The Fracture REduction Evaluation Study (FREE) showed that BKP resulted in more rapid improvement in back pain relief compared to conservative care in treating acute vertebral compression fractures (VCFs). Patients also experienced more rapid improvement in quality of life, back function and mobility than with non-surgical care. The FREE study was a 300-patient, multicenter, randomized controlled trial and 1-year results were published in The Lancet.

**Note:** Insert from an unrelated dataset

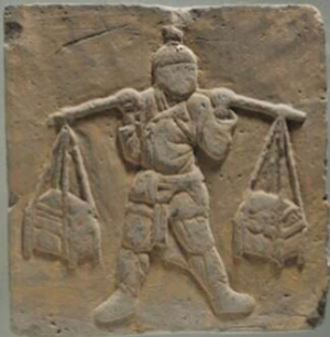 挑擔圖磚雕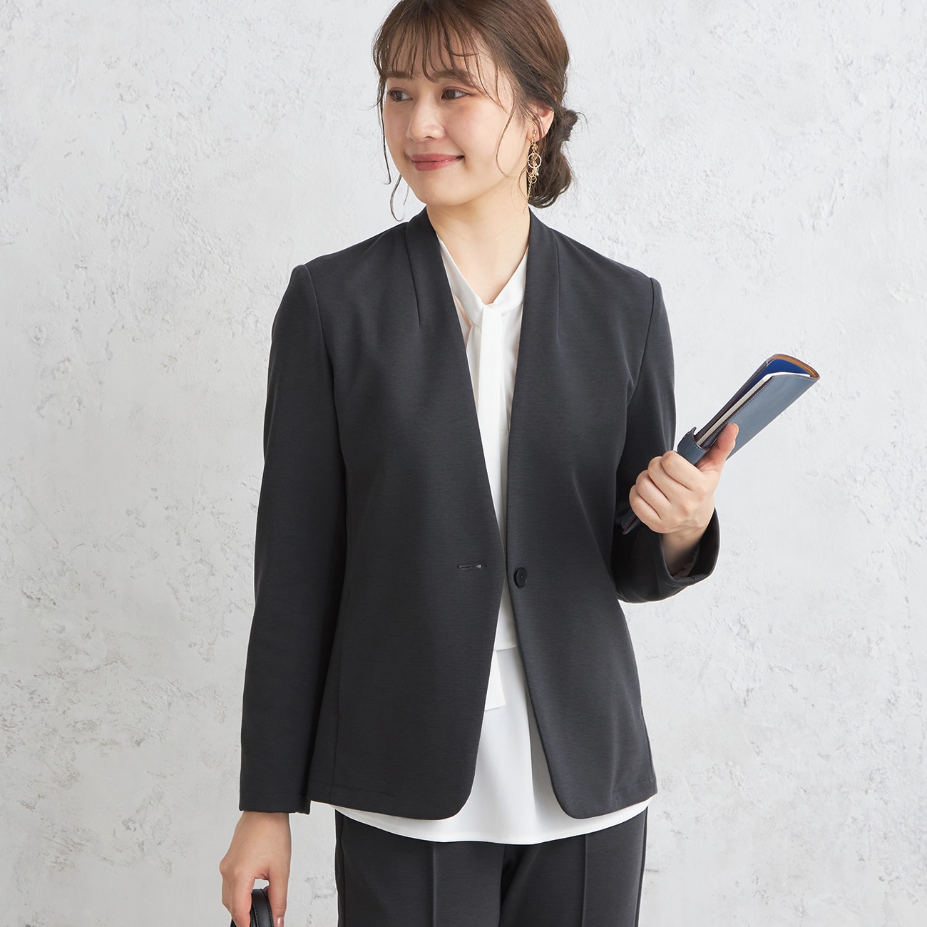 大人な雰囲気・上品仕上げのパジャマスーツ「見ためスーツ、着心地パジャマ」をコンセプトに、パジャマの快適さとスーツのフォーマルさを兼ね備えた「パジャマスーツ」シリーズ。〇ヒールにも、リュックにも合う万能ジャケット・シンプルなノーカラーデザインで顔まわりもすっきり、デコルテラインは美しく・さっと羽織ってカーディガン代わりにもおすすめ・通勤から学校行事、お食事会まで、カジュアルにもきれいめにも着回せる・別売りのスカートやパンツとセットアップでも着用可能〇ドレッシーな印象ジャージー素材・しっかりとした厚み、程よいハリ感、しっとり落ち感が美シルエット・ストレッチ糸を混紡し、着心地の良さも◎・経済的な自宅で洗えるウォッシャブル仕様--------------------▼仕様裏地なし、ポケットあり▼機能〇 洗える(洗濯機洗浄可)〇 ストレッチ※本商品にはテーラーバック・キャリーハンガーの付属はございません。--------------------▼セットアップシリーズ 別売り※クロップドパンツ以外は紺・黒のみの展開です。ジャケット(テーラード):品番23WLWLJK2スカート:品番23WLWLSK1パンツ(クロップド):品番23WLWLPT1パンツ(ワイド):品番23WLWLPT2--------------------▼スタッフ着用コメント@身長151cm 普段のサイズ:S/本商品着用サイズ:Sスタッフコーデはこちら「着丈はヒップ真ん中より下でやや長めです。袖丈は親指の付け根が隠れる長さです。肩幅は気持ち余裕ある感じです。しっかりめの生地感でストレッチも効いてて、見た目より動きやすいです。」A身長159cm 普段のサイズ:M〜L/本商品着用サイズ:Mスタッフコーデはこちら「着丈はヒップが3分の2隠れるくらい。やや長め。Sサイズでも着れますが冬はインナーにニットを着たいのでMサイズを選びました。適度なゆとりがあって すごしやすい。サイドにポケット付きで便利◎しっかりとした厚手の生地。10月から3月ごろまで着れそうな生地の厚さだと感じました。」B身長162cm 普段のサイズ:S/本商品着用サイズ:Mスタッフコーデはこちら「【サイズ感】・普段のサイズ選はSサイズです。・Mサイズでも問題なく着用できます。・腕周りに余裕がありますが、インナーに厚みのあるニットを着るならちょうどいいぐらいです。【素材感】・もちもち柔らかい生地の触り心地です。・しっかりとした厚みの生地です。・すごくストレッチがあって伸びます。」--------------------

Another study by Edidin published in the Journal of Bone and Mineral Research showed significantly higher survival rates among patients treated with BKP vs. patients treated with either vertebroplasty or non-surgical care.
Kiva is a new option to treat VCFs that was not available when the FREE and Edidin studies were published. In three separate studies, Kiva was shown to be equivalent to BKP in safety, reducing pain and restoring function. An independent study published in Pain Physician Journal showed that using Kiva resulted in statistically significant advantages over BKP in addressing pain, as well as in improving longer term results by reducing future fractures.
In my opinion, significant clinical evidence demonstrates that vertebral augmentation, particularly BKP, provides greater and faster pain relief and improved function than conservative care and should be considered earlier than at 6 weeks. Now Kiva presents us with a new option for vertebral augmentation that, based on initial research, appears to demonstrate advantages over BKP.
Wayne Olan, MD, is the director of Minimally Invasive and Endovascular Neurosurgery at GW Hospital and an Associate Professor of Neurosurgery and Radiology, in Bethesda, Md.
Disclosure: Olan is a consultant for Benvenue Medical and is on the speaker’s bureau for Benvenue Medical and Stryker.